When I used to rail against corporations ruling the world, my entrepreneur friend, the late Jim Kirsner, used to argue that the business community had to be part of the solution to the problem of climate change. I’m sure he’s right in the ‘we need everyone’ sense, but where I live, business as usual looks like complete folly. After a punishing few years, real estate is said to be recovering in South Florida. On the high end new construction, this appears to be true. En route to my yoga classes, I cross a bridge over the Intracoastal Waterway where mansions arise on one side facing a dazzling new high-end community called Azure on the other. Phase I of its $900K-2.8M condos with marina and optional boat slips is almost sold out; building has commenced on Phase II. Aging, wealthy Boomers are still thinking of Florida as an ideal ‘luxury lifestyle’ destination, and climate change deniers in state government couldn’t be happier. It’s mini-Miami, and only marginally less at risk for sea level rise.
But shift is happening, and though Elon Musk and the Tesla are have achieved rock star status, it is far more likely that if/when a tipping point toward sanity is reached, it may well be because, to paraphrase Margaret Mead, a small group of thoughtful, committed business people become vocal critics of the status quo and, more importantly, transform themselves.
One recent example: Robert Politzer, CEO of Greenstreet Inc., a New York City-based construction firm whose mission is to “prove the business advantage of triple bottom line: profit, people, planet,” writes about how frequent, intense rain is already affecting his business practices and increasing his costs. Who should pay, Politzer asks: his clients, the government, or those responsible for emissions accelerating climate change? He argues, as does New York Times columnist, Thomas Friedman, frequently, for a price on carbon. Carbon fees “potentially in the hundreds of billions of dollars” — could conceivably generate economic stimulus and “a major push toward a more sustainable sector and … economy.” Link to the original article here. It’s hard to imagine entrenched power ceding any of it, given the current political climate. But there are those who are banking on it.
Scratch the surface and you’ll learn a lot about that triple bottom line and the idea of “tackling climate change through market-based solutions” from think tanks like The Rocky Mountain Institute, founded in 1982 “to create a clean, prosperous and secure low-carbon future” to the more recently formed B Team, a group of star power entrepreneurs (think Ariana Huffington) and civil servants, on the principle that “business needs a Plan B.” In December 2014, RMI formed a strategic alliance with Carbon War Room, an initiative of Sir Richard Branson, so that they could go ‘further, faster together.’
The B Team (Branson is also co-founder) has been busy, too. In July, it released Seizing the Global Opportunity: 2015 New Climate Economy Report which includes 10 points, e.g. invest at least US$1 trillion a year in clean energy, and implementing effective carbon pricing, and insists that “we don’t have to choose between economic growth and taking action on climate change.”
If you click on the links above and spend even a few minutes scrolling around these beautifully designed websites, you might think with all these smart entrepreneurial people involved, mission accomplished. A win-win. You might even be tempted to jump on their bandwagon. Just last week, I could have attended the Aruba Sustainable Week for $550 plus airfare and hotel. Paris in December sounds appealing.
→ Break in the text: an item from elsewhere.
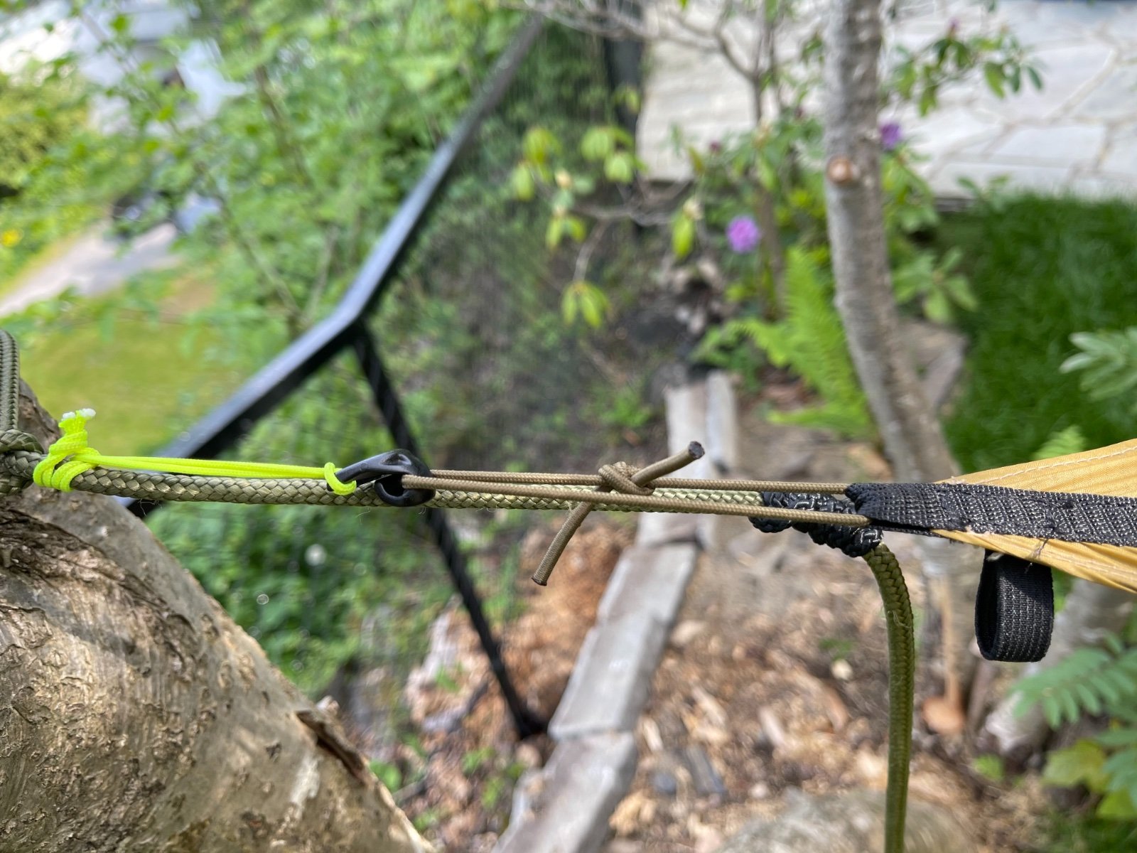 Bruker selv en 1,5-2mm tau og plastkrok som jeg fester i en strikkløkke. Denne løsningen kommer på tarpen vår, og fungerer supert. Da får du bra spenn i tarpen, og strikken avlaster godt i vindkast og hvis tarpen siger litt. Tenkte å legge opp løse komponenter i nettbutikken, så man kan kjøpe delene løst. -

Well, I don’t mean to rain on this parade (or maybe I do). It’s just that I am suspicious of the have-our-cake-and-eat-it-too ideology that is enriching the already well-heeled. The notion that growth could be a problem, even the problem, isn’t a popular view in our culture. I won’t wait for Throwback Thursday to retrieve my copy of Small is Beautiful for alternate solutions that are neither ‘further’ nor ‘faster.’
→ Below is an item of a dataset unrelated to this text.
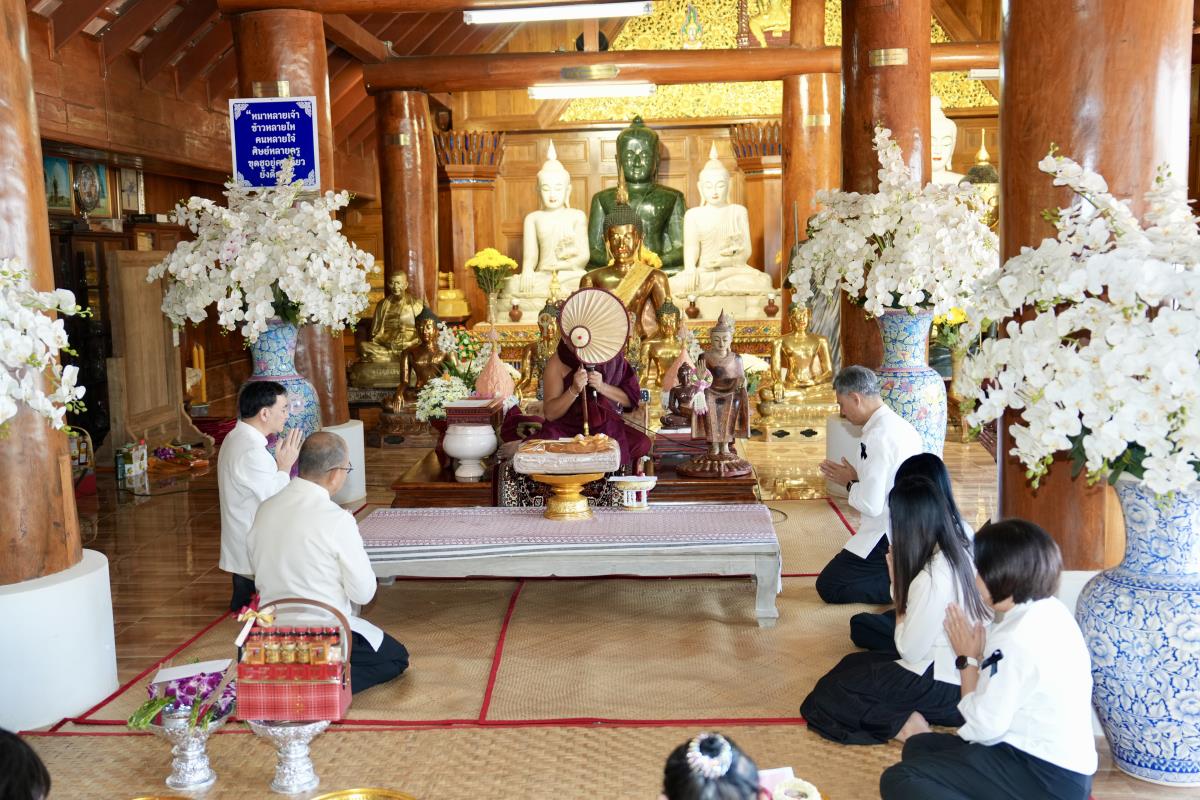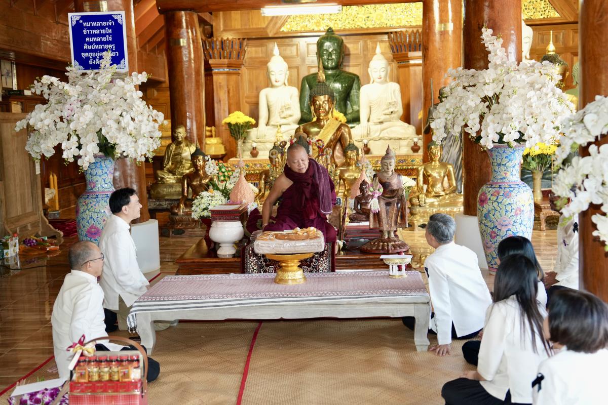 ศาสตราจารย์ ดร.นายแพทย์พงษ์รักษ์ ศรีบัณฑิตมงคล อธิการบดีมหาวิทยาลัยเชียงใหม่ พร้อมด้วยคณะผู้บริหารมหาวิทยาลัยเชียงใหม่ กราบนมัสการขอพร เพื่อความเป็นสิริมงคล เนื่องในเทศกาลวันขึ้นปีใหม่ พ.ศ.2569 จาก ครูบาเจ้าเทือง นาถสีโล เจ้าอาวาสวัดเด่นสะหลีศรีเมืองแกน อ.แม่แตง จ.เชียงใหม่ เมื่อวันอาทิตย์ที่ 11 มกราคม พ.ศ.2569

An economy founded on the growth paradigm and the pursuit of wealth is not sustainable, by definition.
~E.F. Schumacher
“There are physical limits to growth on a finite planet. In 1972, the Club of Rome issued their groundbreaking report—Limits to Growth (twelve million copies in thirty-seven languages). The authors predicted that by about 2030, our planet would feel a serious squeeze on natural resources, and they were right on target.” http://steadystate.org/time-to-stop-worshipping-economic-growth/
We’ll be passing on your blog and think you might enjoy checking out
http://www.shamengo.com/en/pioneer/194-henry-liang – he’s one of a hundreds of innovators around the globe moving into a clean future with confidence.
Thanks, Moira! Looks most interesting.